Глава пятая. Это очень хорошо, даже очень хорошо

Я задумчиво крутил в руках перстенек, потом надел его на мизинец правой руки. Милая вещица. Черненое серебро, зеленый камень с мутными вкраплениями. На самом деле, было что-то знакомое в этой вещице. Смутно. Как те самые пятна внутри изумруда. Мне кажется, или я уже видел подобное украшение? Хотя может это из-за того сеанса гипноза. Слишком долго и старательно я представлял на себе это кольцо. А теперь, когда я вернул его на его привычное место, меня и накрыло ощущением «знакомости».

Еще там была тетрадка с моими записями. Я прочитал их все, от корки до корки. Но практически ничего нового не узнал. Ну, за исключением того, что я не очень хорошо умел вести наружнее наблюдение.

На последних страницах было что-то вроде письма-обращения на тот случай, если я, Иван Мельников, неожиданно и внезапно скончаюсь или исчезну без следа.

«Прохор Иванович Нестеров, родился в р.п. Закорске Новокиневской области, закончил экономический факультет Новокиневского Государственного Университета. С 1972 года — сотрудник Министерства внешней торговли СССР».

Бла-бла-бла, в служебное положение в целях личного обогащения…

В общем, суть письма в том, что я пока маленький и слабый, а он — могущественный и высокопоставленный. И если я не смогу довести дело до конца и вывести этого куркуля на чистую воду, то, надеюсь, найдется тот, кто подхватит этот упавший флаг и доведет дело до конца.

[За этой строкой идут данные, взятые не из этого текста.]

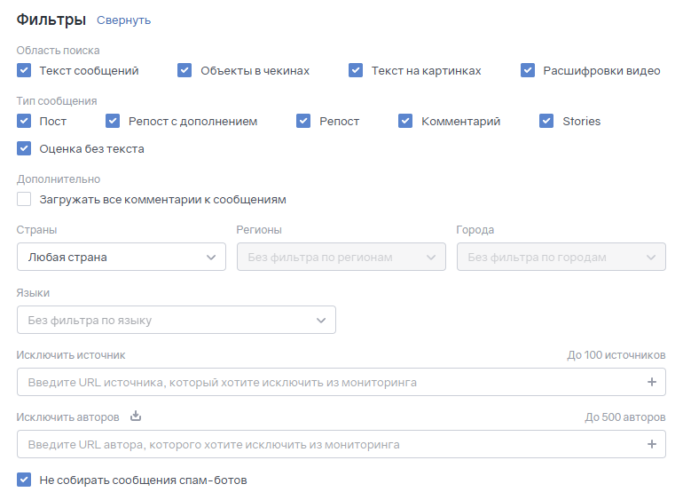 В выпадающем поле доступны дополнительные настройки: гео, тип упоминаний, язык. Вы можете исключить источники из анализа. Например, если не хотите собирать упоминания с собственного сайта.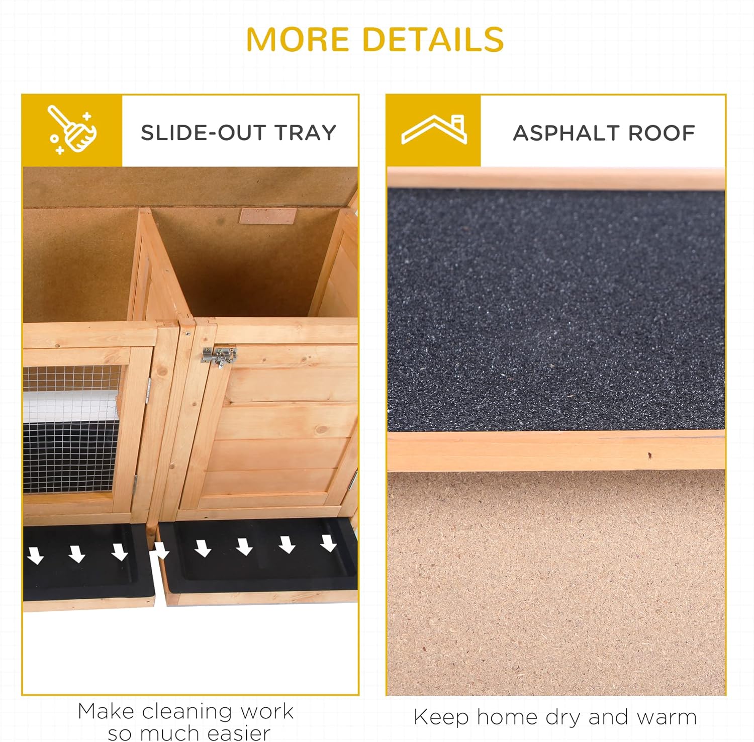 - Keep Your Pets Dry: This bunny house is made with fir wood with a composite asphalt roof to provide a stable structure and to keep your pets out of the rain.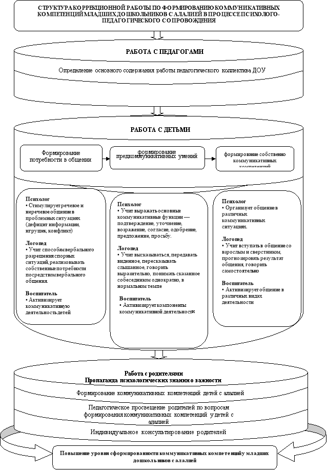 Разработанная нами коррекционная работа коммуникативных компетенций у младших дошкольников с алалией в процессе психолого-педагогического сопровождения представлена как система психолого-педагогических, психокоррекционных и логопедических мероприятий, предполагающих специальную группировку наиболее приемлемых форм, приемов и методов, нацеленных на формирование и развитие коммуникативных компетенций у детей с алалией младшего дошкольного возраста в детских садах для детей с нарушениями речи.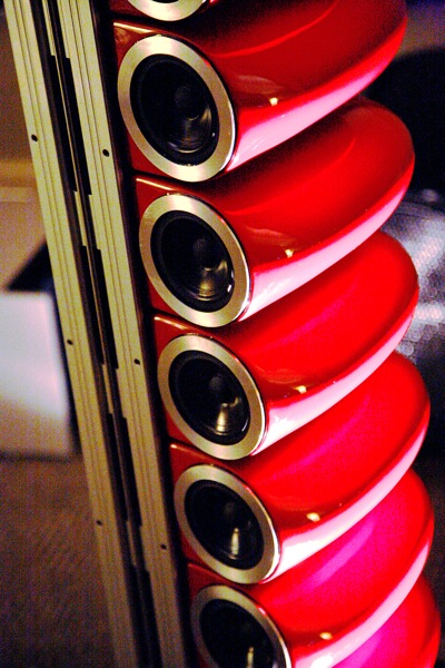 The Super Maggie System: two 20.1 speakers ($12,990), two 3.6 speakers (rear channels ($10,000), two CC-2 center channels ($995 each) with five Nola Thunderbolt Woofers, ($1995 each)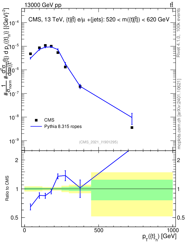 Lines: data, pythia8 8.315 ropes |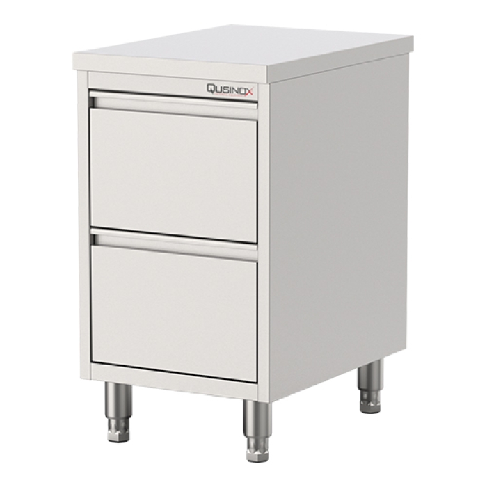 RVS werktafel, duurzaam en hygiënisch. Uitgerust met soepel glijdende laden GN1/1, ideaal voor intensief dagelijks gebruik. Voorzien van een geborstelde en gepolijste afwerking en in hoogte verstelbare poten. Het werkblad is versterkt met watervaste onderlijming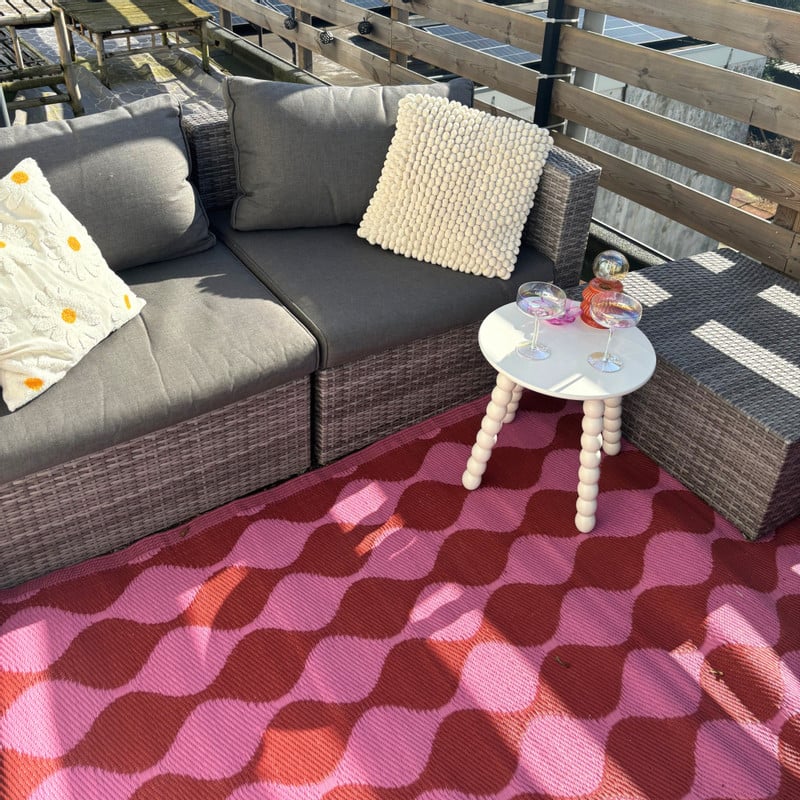 Breng een speelse en kleurrijke touch aan je tuin, balkon of terras met dit opvallende buitenkleed! Het kleed is voorzien van een dynamisch golvend patroon in levendige tinten rood en roze, waardoor het een echte eyecatcher is. Of je het nu onder je loungeset legt of als sfeervolle ondergrond gebruikt voor een gezellige zithoek, dit kleed tilt je buitenruimte direct naar een hoger én gezelliger niveau.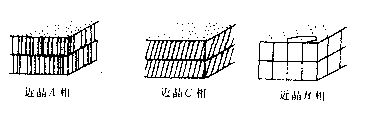 液晶 液晶yejing介于各向同性液体与晶体之间的一种新的物质状态。1888年奥地利植物学家F.赖尼策尔对胆甾醇苯酸酯加热时发现,在145℃时,该固体熔解为白色混浊液体,呈浓雾状。当这种液体的温度上升到179℃时,又变成清彻透明的液体。翌年,德国晶体学家O.勒曼又发现,该液体在混浊相时的特点是既有液体的机械性能,例如可流动和低粘性,又有晶体的各向异性光学性质,因此,他把该物质定名为液晶。液晶相常被称为中间相,凡具有这种中间相的物质都被称为液晶。液晶并非稀有物质,目前已知道的就有数千种,它们都是长形分子或盘形分子的有机化合物,长形分子典型的长度范围为15×10-10~40×10-10米,宽为10-10米的数倍。高分子聚合物加热熔化而成的液晶称为热致液晶;某些高分子聚合物溶解于适当溶剂(如水、硫酸、甲苯等)里,随着浓度的改变而出现不同的液晶态,称为溶致液晶。溶致液晶与温度也有一定程度的关系。热致液晶的长形分子依其排列状态的不同又可分为三类: ❶向列相,又称丝状相。其分子大致平行排列(图1示),但空间分布是混乱的,分子质心可以在三个方向平移,即彼此间上下左右前后的位置可以变动。这类液晶的例子是对氧化偶氮甲氧苯,它存在的温度范围为116~136℃。 ❷胆甾相,又称螺旋状相。其分子分层排列,每层分子的排列方向相同,但相继各层中分子的取向相差一个小角度,形成各层分子排列方向呈螺旋式改变,螺距h的典型值约3×10-7米(图2)。因为这种物质有螺旋形结构,所以它显示出旋光性,即当光线沿螺旋方向传播时,光的偏振面要旋转,在某些情况下,它对透射光的旋光本领可大至60000度/毫米。而通常的有机化合物的旋光性只有300度/毫米。这类液晶通常是胆甾醇酯,例如胆甾醇肉桂酸盐,它存在的温度范围为156~197℃。 ❸近晶相,又称层状相。其分子分层排列,层内分子互相平行,其方向与层面垂直,或有些倾斜(图3)。各层的分子只能在本层内运动,分子质心可以无序、能自由平移,或有序呈二维点阵。层与层之间有微弱的相互作用,能容易地滑动,或者可相对转动,按照分子空间分布的类型和排列方向相对于层平面的倾斜量又可把近晶相细分为一些子相。例如在近晶A相中,分子与层面垂直,在C相中分子相对层面倾斜,在B相中,层内分子质心排列成面心六角形,在D相中,层内分子又分组构成体心立方体结构。近晶相液晶的例子是乙基对氧化偶氮苯酯,它存在的温度范围为114~120℃。在所有的中间相中,近晶相与晶体的结构最接近,它们的差别是近晶相具有层状结构。1977年,印度S.钱德拉塞卡等合成了盘形分子的液晶。盘形分子液晶具有向列相,胆甾相和柱状相三种结构。向列相和胆甾相与上述长形分子的情况相似,只用把长棒轴换为盘形分子的法向轴即可。柱状相中的分子堆积成柱,在同一柱中分子间隔可以是规则有序的,也可以是不规则无序的。各分子柱可以排列成六角形或长方形的二维点阵(图4)。长形和盘形分子构成的液晶的各向异性与分子本身的不对称形状有关。 液晶在被发现后的一个相当长时期内没有得到实际的应用,直到10多年前发现液晶分子的排列可以受到电的控制而改变其光学性质,因而可当作显示材料,这才引起人们的兴趣。现在液晶已被广泛应用。液晶的各种性质已用来研制多种物理器件,尤其是电光器件,目前应用最广泛的是向列相和胆甾相液晶的电光效应。例如可用来作电子手表、微型计算器等的数字显示器件。液晶电光器件的功率消耗低,每平方厘米显示面积只需要消耗1毫瓦的电能,而且在常规照明条件下就可显示出清晰的像。又如用铁电性近晶相液晶可制成双稳态的微秒电光开关。现在小型液晶显示的平板电视也已制成。胆甾相的螺距对温度、压力、杂质等都很敏感,而改变螺距就能改变液晶的颜色,因此可用胆甾相来诊断皮下肿瘤,探知金属材料和零件的缺陷,以至在压力量度,红外、紫外、x射线显示,气体动理学和分析化学等方面都可加以利用。液晶与生物的关系也非常密切,在人体的脑、肌肉、肾上腺皮质、卵巢、神经髓梢、眼睛光感受器的膜层等处都发现有溶致液晶结构,因此生命现象与生物液晶直接相关,一些重要的生命现象(例如:衰老、癌变等)就可能与生物细胞膜的液晶态相变有关。溶致液晶在石油化工和医学方面也都有重要应用。
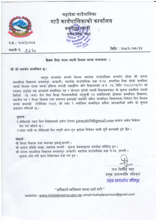 Invitation for Online Bids: Construction of ward office building Mahadeva-2
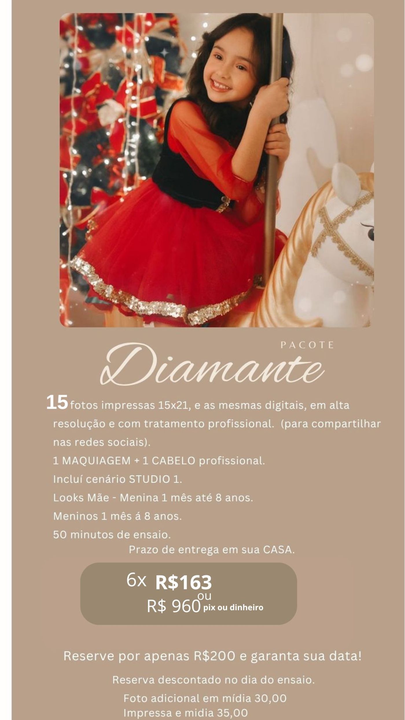 Cenário grande, ideal para famílias 2 looks para mamães (P ao GG) Roupas para crianças de 0 a 8 anos (meninas e meninos) 2 looks variados para as crianças! Fotógrafa: Ana
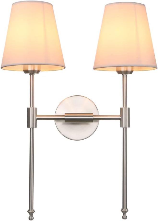 PERMO Classic Transitional Double Sconce 2-Lights Wall Sconce Lighting Fixture with Flared White Textile Lampshade and Brushed Nickel Finished Long Arm for Indoor Bathroom Bedroom Bedside

Доказательств нет. Одни подозрения. В основном основанные на личном наблюдении за образом жизни. Ну и хорошее знание имущества в его квартире, конечно. Хотя супруга Нестерова ни разу в этой тетрадке не упоминается. Хотя именно она явно и была источником информации.

Я снова принялся созерцать кольцо. Про него в тетрадке не было ни слова. Такое впечатление, что оно было частью совсем другой истории, никак с Прохором и его ветреной супругой не связанной.

Но вот какой?

Вспомнился почему-то новый год с семьей. Растерянная мама, взбешенный по началу отец. Наверняка моего предшественника в этом теле тоже занимала загадка его появления на свет. Может это кусочек от этого пазла?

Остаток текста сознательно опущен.